Material for this exercise:
____________
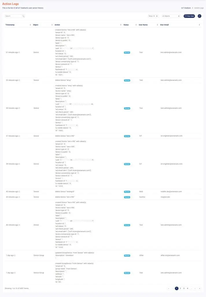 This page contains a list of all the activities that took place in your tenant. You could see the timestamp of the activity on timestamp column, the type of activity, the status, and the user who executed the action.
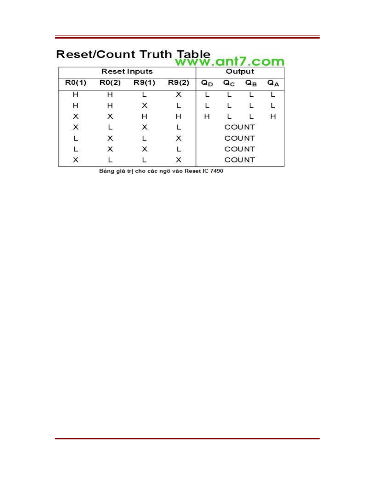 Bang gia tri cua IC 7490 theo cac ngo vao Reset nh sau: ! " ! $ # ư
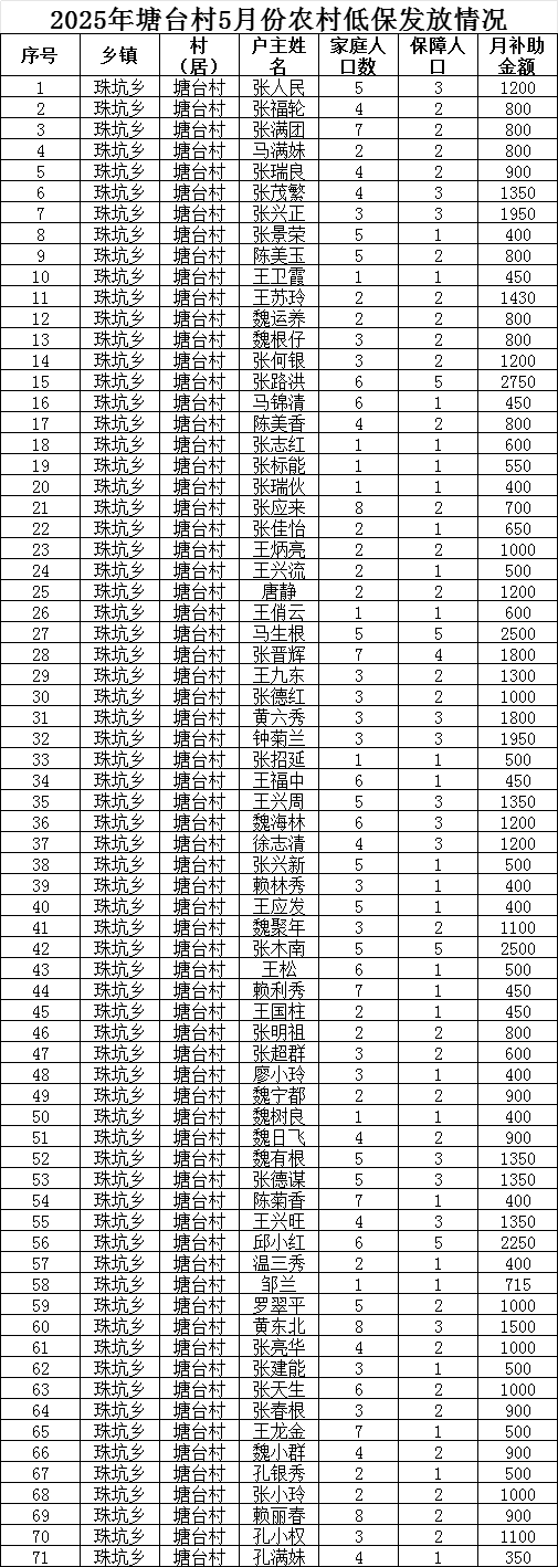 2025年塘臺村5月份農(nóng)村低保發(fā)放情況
____________
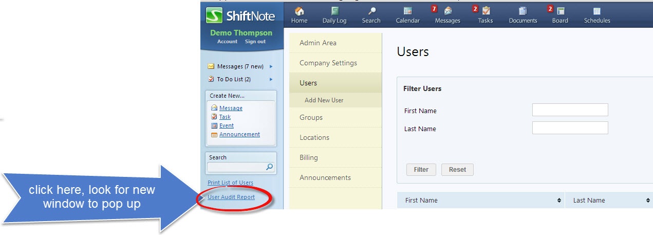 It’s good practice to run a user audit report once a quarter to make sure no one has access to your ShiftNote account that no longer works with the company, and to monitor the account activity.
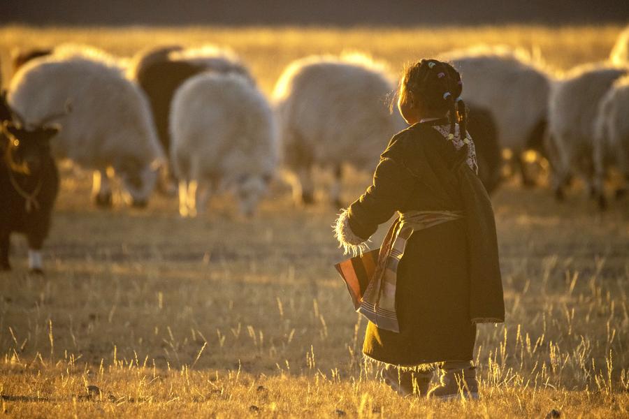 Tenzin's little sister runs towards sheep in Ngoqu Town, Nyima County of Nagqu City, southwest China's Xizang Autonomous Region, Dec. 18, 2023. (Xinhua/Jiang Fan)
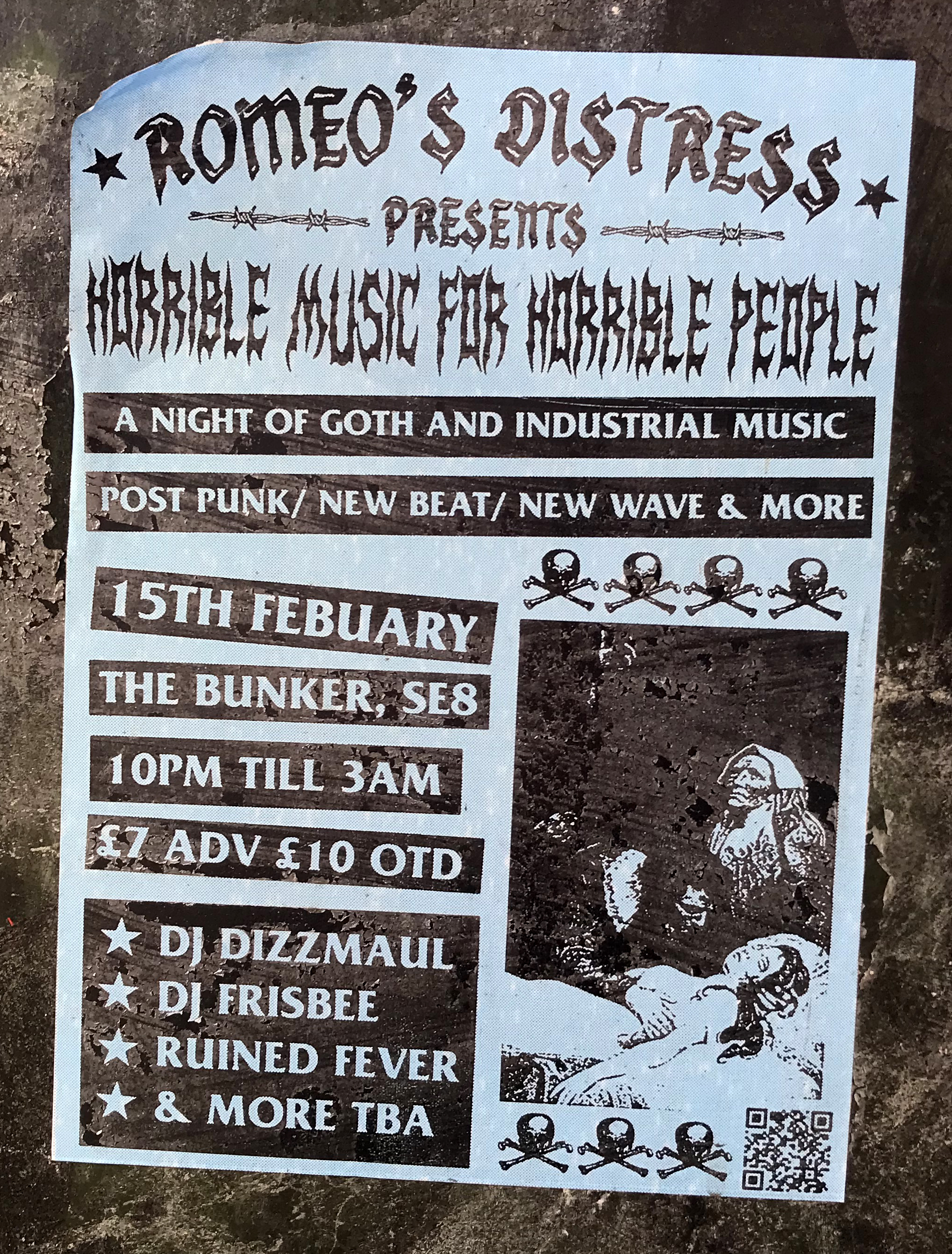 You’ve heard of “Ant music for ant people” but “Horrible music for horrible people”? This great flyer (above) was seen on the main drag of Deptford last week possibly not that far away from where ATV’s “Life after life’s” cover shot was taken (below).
____________
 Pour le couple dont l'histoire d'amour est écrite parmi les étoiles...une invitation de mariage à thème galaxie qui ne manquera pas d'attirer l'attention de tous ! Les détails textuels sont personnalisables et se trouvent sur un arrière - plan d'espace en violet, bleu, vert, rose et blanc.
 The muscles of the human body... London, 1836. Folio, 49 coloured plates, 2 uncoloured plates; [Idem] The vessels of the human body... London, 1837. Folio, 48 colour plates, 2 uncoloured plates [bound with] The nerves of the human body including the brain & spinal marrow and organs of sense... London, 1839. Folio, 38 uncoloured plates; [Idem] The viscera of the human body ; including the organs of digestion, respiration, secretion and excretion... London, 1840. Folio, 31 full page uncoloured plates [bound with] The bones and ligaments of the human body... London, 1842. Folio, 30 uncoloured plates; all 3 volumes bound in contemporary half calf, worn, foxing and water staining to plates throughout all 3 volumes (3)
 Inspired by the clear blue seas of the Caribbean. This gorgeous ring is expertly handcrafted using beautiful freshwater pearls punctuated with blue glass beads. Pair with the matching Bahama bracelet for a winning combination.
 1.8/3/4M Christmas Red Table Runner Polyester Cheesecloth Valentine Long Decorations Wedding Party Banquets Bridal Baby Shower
____________
Here the job is to copy the listing above word for word, starting at the line with "This page contains" and ending at the line with "2025年塘臺村5月份農(nóng)村低保發(fā)放情況", and to leave out the pictures.

 This page contains a list of all the activities that took place in your tenant. You could see the timestamp of the activity on timestamp column, the type of activity, the status, and the user who executed the action.
 Bang gia tri cua IC 7490 theo cac ngo vao Reset nh sau: ! " ! $ # ư
 2025年塘臺村5月份農(nóng)村低保發(fā)放情況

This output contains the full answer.